The Arab News ran a story provocatively entitled, "Washington
planning to nuke Iraq," based on an article in the Los Angeles Times.
Arab opinion leaders cannot figure out how President Bush could accuse
Iraq of being in "utter contempt for the opinion of the world" when he is
himself ignoring world opinion. They
ridiculed Bush's assertion that Iraq posed the "gravest danger facing America
and the world" because it "possess nuclear, chemical and biological
weaponsÉthat could be used for blackmail, terror and mass murder."
New York Times columnist Nicholas Kristoff mirrored Arab
skepticism when he asked whether an invasion of Iraq would make America safer.
Kristoff noted, "While none of us know the answer, there is clearly a
significant risk that it will do just the opposite."
After
meeting the French president Jacques Chirac in Paris, Saudi foreign minister
Prince Saud bin Faisal said that a US attack on Iraq would result in "a calamity
of immense proportions." Elsewhere,
the prince said, "Saudi Arabia will not join the conflict and will not [allow
its territory] to be used to attack Iraq."
Amr
Moussa, the secretary general of the Arab League, is reported to have met with
German foreign minister Joschka Fischer in Berlin, and said that a war with Iraq
would " fuel popular resentment and anti-American unrest."

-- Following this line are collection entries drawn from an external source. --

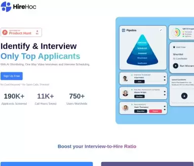 总而言之,Hire Hoc是一款功能集成度高、上手门槛低的智能招聘工具。它通过将自动化与智能化植入招聘的关键环节,切实帮助用户提升效率、控制成本。从定制职位描述到高效的AI初筛,其设计直击招聘工作的痛点。
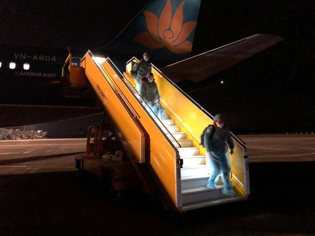 Chuyến bay HVN68 của Vietnam Airlines chở 29 người Việt từ Vũ Hán đáp xuống sân bay quốc tế Vân Đồn (Quảng Ninh) lúc 5h04.
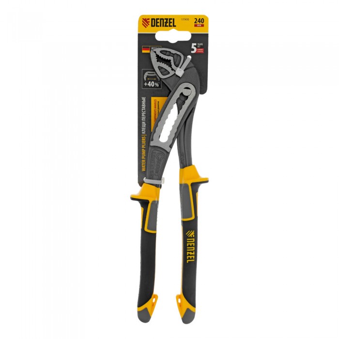 Клещи переставные, трехкомпонентные рукоятки 240 мм Denzel (17900)
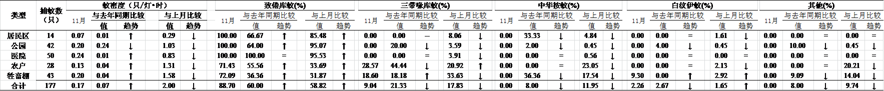 表2 2016年11月不同监测环境的蚊密度及种群构成情况比较
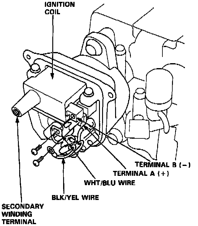 3. Using an ohmmeter, measure resistance between the terminals. Replace the coil if the resistance is not within specifications.

A few months earlier, Moussa had warned that such a war would "open the
gates of hell."
Contrary
to how they are being portrayed in the US media, religious scholars in Saudi
Arabia have used the opportunity provided by the gathering of two million
pilgrims to remind Muslims everywhere that Islam means submission to the Will of
God. This means obeying all His
injunctions, one of which holds that all human life is sacred.
The Imams of the two Holy Mosques cited Quranic verses and instances from
the life of the Prophet Muhammad to assert that Muslims should not harm any
non-Muslim civilians, even during times of war.
At
the World Economic Forum in Davos, Malaysian Prime Minister Mahathir
Mohamad admonished the US, "out-terrorizing the terrorists will not work."
He forecast a long period of war driven by hatred, revenge and greed,
unless the US changed its tactics. Witnessing
the rising tide of anti-Americanism across the globe, Eric Alterman wrote in the
American magazine, The Nation, "There is a pro-American world out there,
in Europe in particular but elsewhere as well.
It is just waiting for an America it can respect as well as admire."
On
the day of the State of the Union speech, forty American Noble Laureates called
on President Bush to stop his plans to fight a preventive war in Iraq, because
even a victory in such a war would "undermine, not protect, U.S. security and
standing in the world." One hopes
that the call has not come in too late. According
to the Financial Times, General Tommy Franks has already informed the
Kuwaitis that the US has made a decision to go ahead with the war.
Leadership
does not consist in issuing propaganda, otherwise it leads to hubris.
Faced with widespread opposition to his war plans, both inside and
outside the US, President Bush faces the biggest challenge to his presidency.
He needs to step back from the brink, and realize that real leadership
consists in listening to all voices, not just the ones that echo his voice.